▶ _DATA EXTRACT_:
....
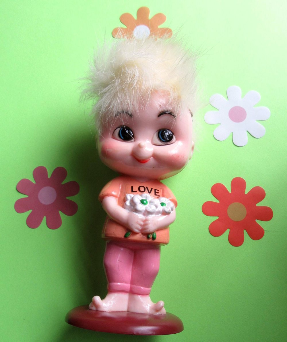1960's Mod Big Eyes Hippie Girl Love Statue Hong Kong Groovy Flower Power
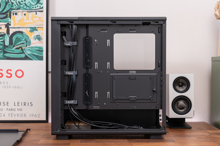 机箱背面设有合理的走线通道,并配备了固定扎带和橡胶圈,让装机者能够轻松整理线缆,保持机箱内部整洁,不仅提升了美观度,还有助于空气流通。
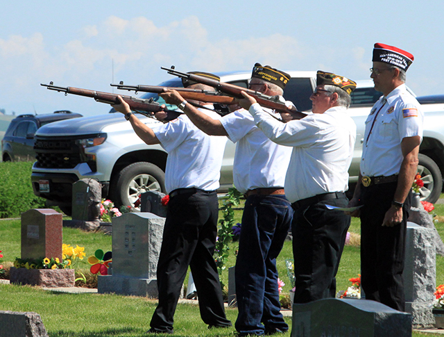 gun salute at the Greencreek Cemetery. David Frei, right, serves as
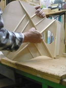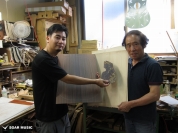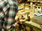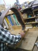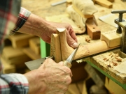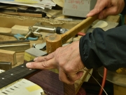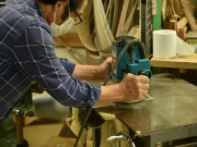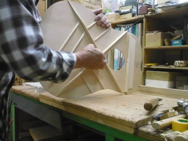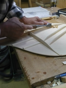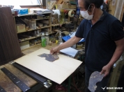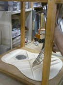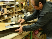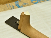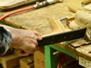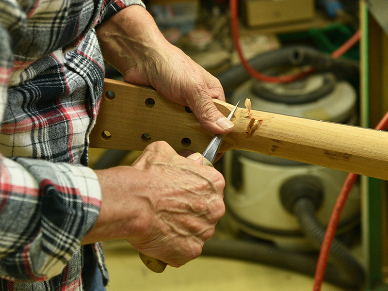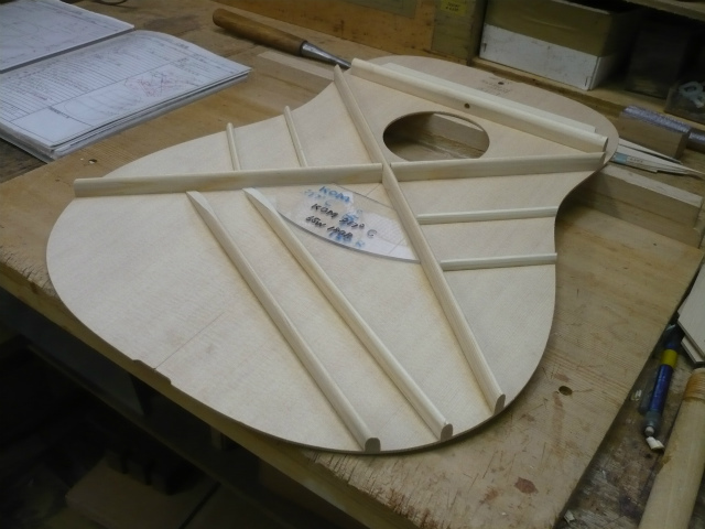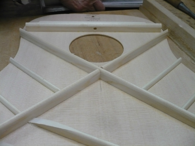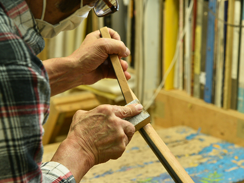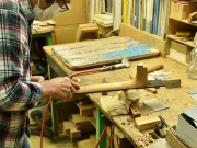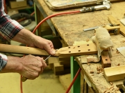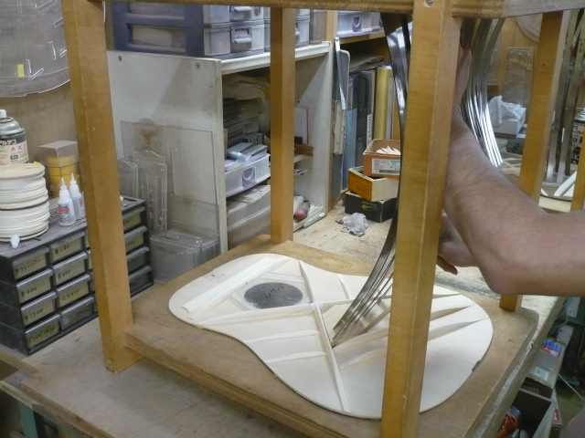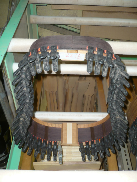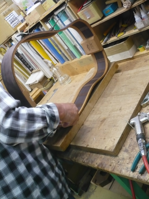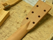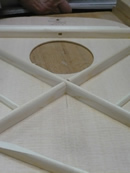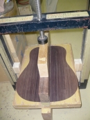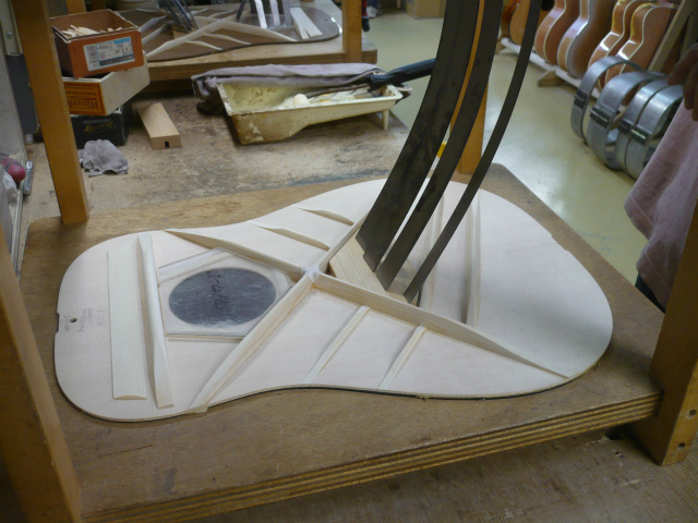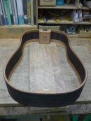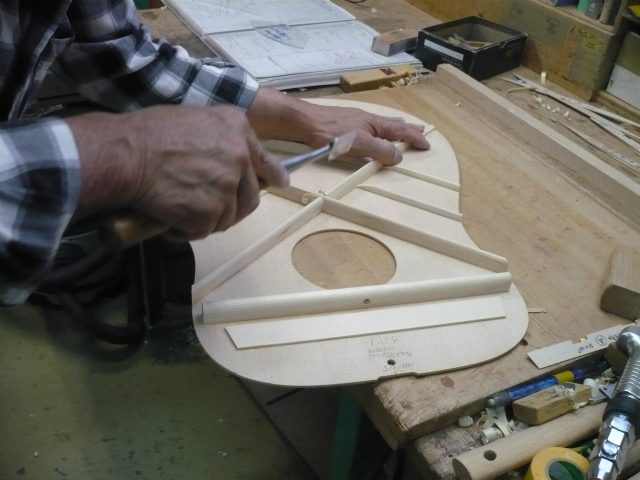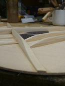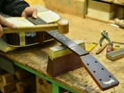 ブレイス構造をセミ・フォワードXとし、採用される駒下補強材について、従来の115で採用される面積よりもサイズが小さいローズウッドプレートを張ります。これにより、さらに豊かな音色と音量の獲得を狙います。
....
▶ _AIM OF THE EXERCISE_:
Omit the pictures and reproduce the listing exactly.

▶ _OUTPUT FOR THIS TASK_:
1960's Mod Big Eyes Hippie Girl Love Statue Hong Kong Groovy Flower Power
 机箱背面设有合理的走线通道,并配备了固定扎带和橡胶圈,让装机者能够轻松整理线缆,保持机箱内部整洁,不仅提升了美观度,还有助于空气流通。
 gun salute at the Greencreek Cemetery. David Frei, right, serves as
 ブレイス構造をセミ・フォワードXとし、採用される駒下補強材について、従来の115で採用される面積よりもサイズが小さいローズウッドプレートを張ります。これにより、さらに豊かな音色と音量の獲得を狙います。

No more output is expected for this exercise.